Morale de cette histoire: il n’y a pas de morale dans les médias. Seule la cote d’écoute compte. Rappelons que Ted Kaczynski a été condamné à la prison à vie pour avoir commis trois meurtres, avoir blessé 22 personnes et avoir été en possession d’explosifs.

Archives de l’âme
L’équipe d’Ad Hoc films est décidément très prolifique. Sa série 24 Heures dans l’histoire se poursuit avec Archives de l’âme, ou l’autopsie d’un moment mythique de l’histoire du Québec: la fameuse Nuit de la poésie qui a eu lieu le 27 mars 1970 et qui, pour certains, aurait été un des déclencheurs des événements d’Octobre. À l’occasion, environ 4000 personnes s’étaient réunies dans la salle du Gesù, à Montréal. Les documentaristes Luc Cyr et Carl Leblanc ont travaillé à partir du film La Nuit de la poésie produit par l’ONF. Fidèles à leur réputation, ils ont déniché des documents inédits et ont récolté des témoignages originaux qui aident à remettre cet événement inoubliable dans une perspective historique. À voir, dimanche 25 mars à 21 h 30 sur Télé-Québec.

Une chronique au pilori
En terminant, j’aimerais revenir sur ma chronique concernant l’entrevue de Christiane Charette avec Bernard Landry, publiée dans l’édition du 8 mars dernier, et intitulée Christiane Charette au pilori. À la lecture de l’abondant courrier suscité par cette chronique, j’ai réalisé que les gens avaient peut-être mal compris mes propos. J’ai relu ma chronique, elle me semble claire; mais j’aimerais tout de même en rappeler les grandes lignes: je n’ai jamais écrit que Christiane Charette avait mené une bonne entrevue. J’ai écrit qu’elle avait attaqué Bernard Landry et qu’il n’y avait pas eu d’échanges entre l’animatrice et le premier ministre du Québec.
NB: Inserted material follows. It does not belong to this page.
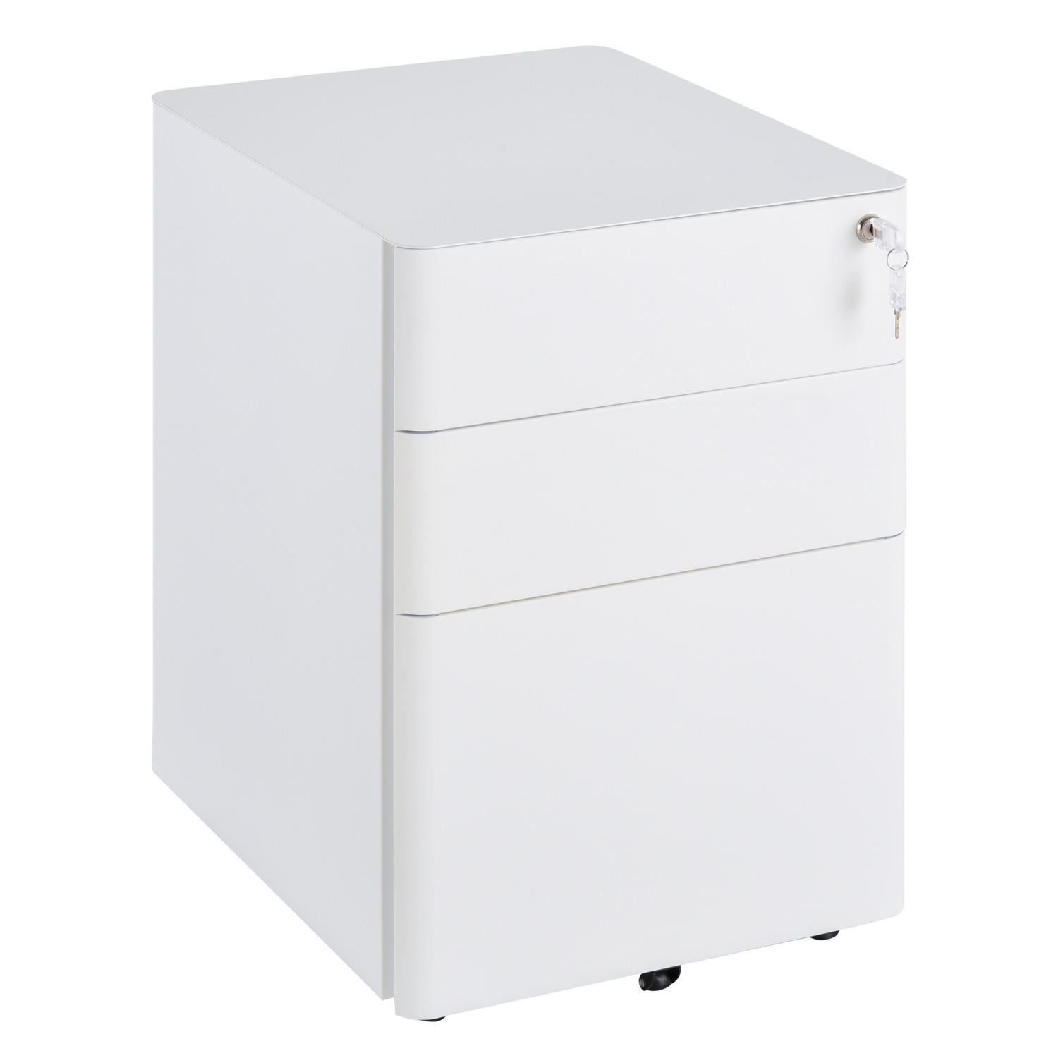 Northio, Mobile Schedario Con Ruote E 3 Cassetti, Armadietto Da Ufficio, Acciaio, Bianco, 39X48X59Cm

Je n’ai jamais écrit que Christiane Charette avait été critiquée PARCE QU’elle était une femme. J’ai dit que les commentaires à son endroit étaient paternalistes et condescendants, preuve qu’il y avait encore des attitudes sexistes dans les médias. En d’autres mots, si l’entrevue avait été menée par un homme, on se serait sans doute contenté de souligner que l’entrevue était ratée. On aurait peut-être même parlé d’"échanges virils".

Est-ce qu’on se serait permis de donner une leçon de journalisme à Bernard Derome (qui a pourtant quelques mauvaises entrevues à son actif)? Est-ce que Pierre Bourgault aurait écrit "je l’aurais frappé", s’il s’était agi de Jean-François Lépine ou de Claude Charron? Je ne le crois toujours pas. Voilà, c’est tout.